Bugzilla – Full Text Bug Listing
|Product:||GRAM||Reporter:||Jens-S. Vöckler <firstname.lastname@example.org>|
|Component:||gt2 Gatekeeper/Jobmanager||Assignee:||Joe Bester <email@example.com>|
|Severity:||minor||CC:||firstname.lastname@example.org, email@example.com, firstname.lastname@example.org, email@example.com|
new methods in base class jobmanager
minor improvements to stdiomerger.
Major condor-jm improvements
updates to PBS jobmanager
LSF proposed diff (untested)
For the distributed GT 2.4.0, I modified the JobManager.pm script to expose the (old) module-local fork_and_exec_cmd and pipe_out_cmd as class methods (new) to the child jobmanager scripts. I also added a method nfssync, which tries to enforce an NFS update by touching a file (rather by calling utime() instead of invoking a separate program). While I have not yet found all places where to add NFS sync update methods, the gram scratch directory definitely does need an NFS update after the scratch dir was created. I will append the files in the next step, as the default bug submission interface does not allow me to attach files... I
Created an attachment (id=116) [details] new methods in base class jobmanager This adds the new methods nfssync( filename, docreate ) and converts the fork_and_exec_cmd(..) and pipe_out_cmd(..) functions into methods. Documentation for these methods is also being added.

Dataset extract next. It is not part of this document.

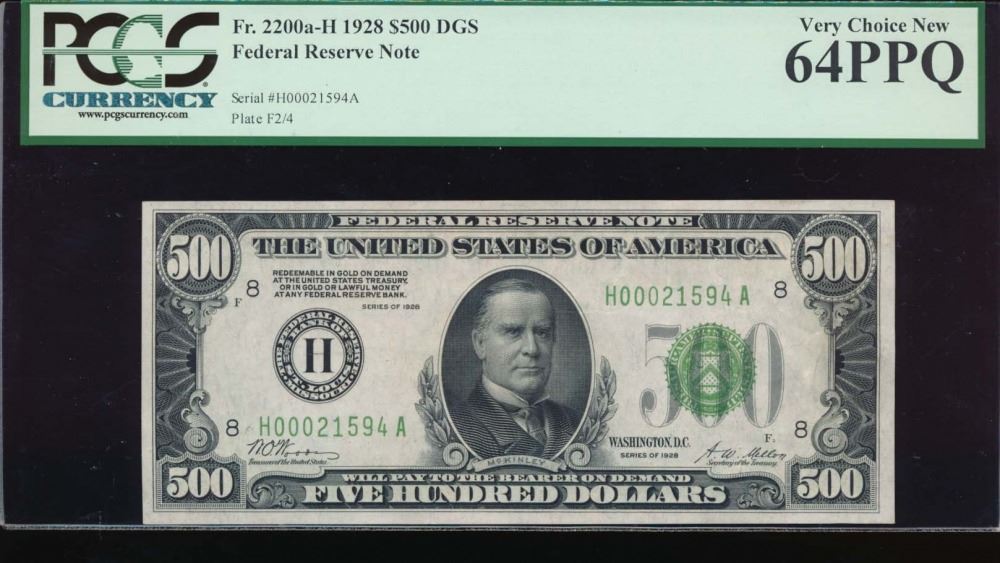 One 1928 $500 St Louis Federal Reserve Note PCGS 64PPQ.

Created an attachment (id=117) [details] minor improvements to stdiomerger. Minor improvements in the stdiomerger, mostly cosmetic.
Created an attachment (id=118) [details] Major condor-jm improvements This patch removes the evil IO::* module and replaces them with the native Perl medthods. Furthermore, the newly available fork_and_exec_cmd and pipe_out_cmd avoid unecessary /bin/sh invocations, and are used for job submission (instead of system and backquote). Also some minor cosmetical improvements. Tried to add the NFS sync as appropriate.

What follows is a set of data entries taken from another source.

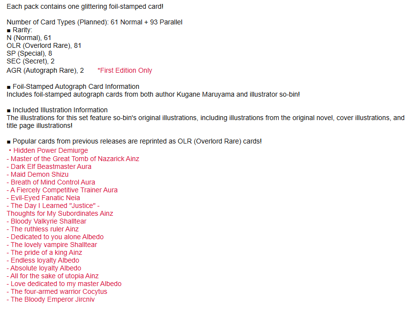 You are purchasing 1 booster box of Overlord Light Novel Premium. The box and its contents will be opened live on stream.
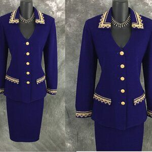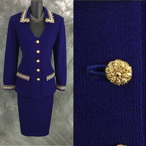 BEAUTIFUL st john evening knit purple gold rhinestones embellished skirt suit 8
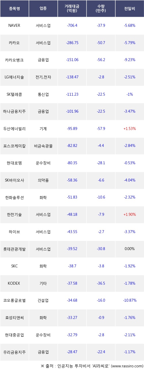 외국인 투자자의 순매도 상위 20개 종목은 NAVER, 카카오, 카카오뱅크, LG에너지솔루션, SK텔레콤, 하나금융지주, 두산에너빌리티, 포스코케미칼, 현대로템, SK바이오사이언스등이다.
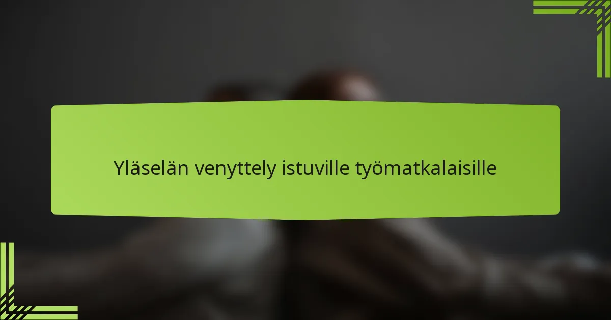 Tehokkaat yläselän venytykset työmatkalaisille voivat lievittää jännitystä ja parantaa ryhtiä, erityisesti pitkien istumisaikojen jälkeen. Sekoitus staattisia ja dynaamisia venytyksiä sekä jooga-asentoja voi tarjota merkittävää helpotusta ja parantaa yleistä hyvinvointia.

Created an attachment (id=119) [details] updates to PBS jobmanager Removed unecessary modules loads from the pbs module: The POSIX module is only being called for the ceil() method - replaced with my own (to be heavy tested). Removed all evil IO::* modules. Added nfssync, when I could see it. Replaced subprocess invocation with more efficient fork_and_exec_cmd and pipe_out_cmd as applicable. The code does run on dg0n13:2120/jobmanager-pbs
Jen, Thanks for the patch submissions. We are still focused on gt3, so it might be a few weeks until we can review these proposed patches. -Stu
I have a LSF patch on my home system, which I will submit once I bootet that one. The LSF patch is based on the experience from Condor/PBS, but since I don't have an LSF system available to me, I can only extrapolate. I will publish the LSF patch here soon.
Created an attachment (id=122) [details] LSF proposed diff (untested) This is an update to the LSF jobmanager to use the new functionality of NFS sync'ing and avoiding /bin/sh invocations. Also, the IO::File was removed for improved resource efficiency. Note that I don't have an LSF system with access to, so this is untested.
These patches have been applied to the CVS trunk and tested. joe
It appears as if these patches are still not in the 2.4.3 release, and people are still stumbling over this problem. Or is my perception somehow skewed?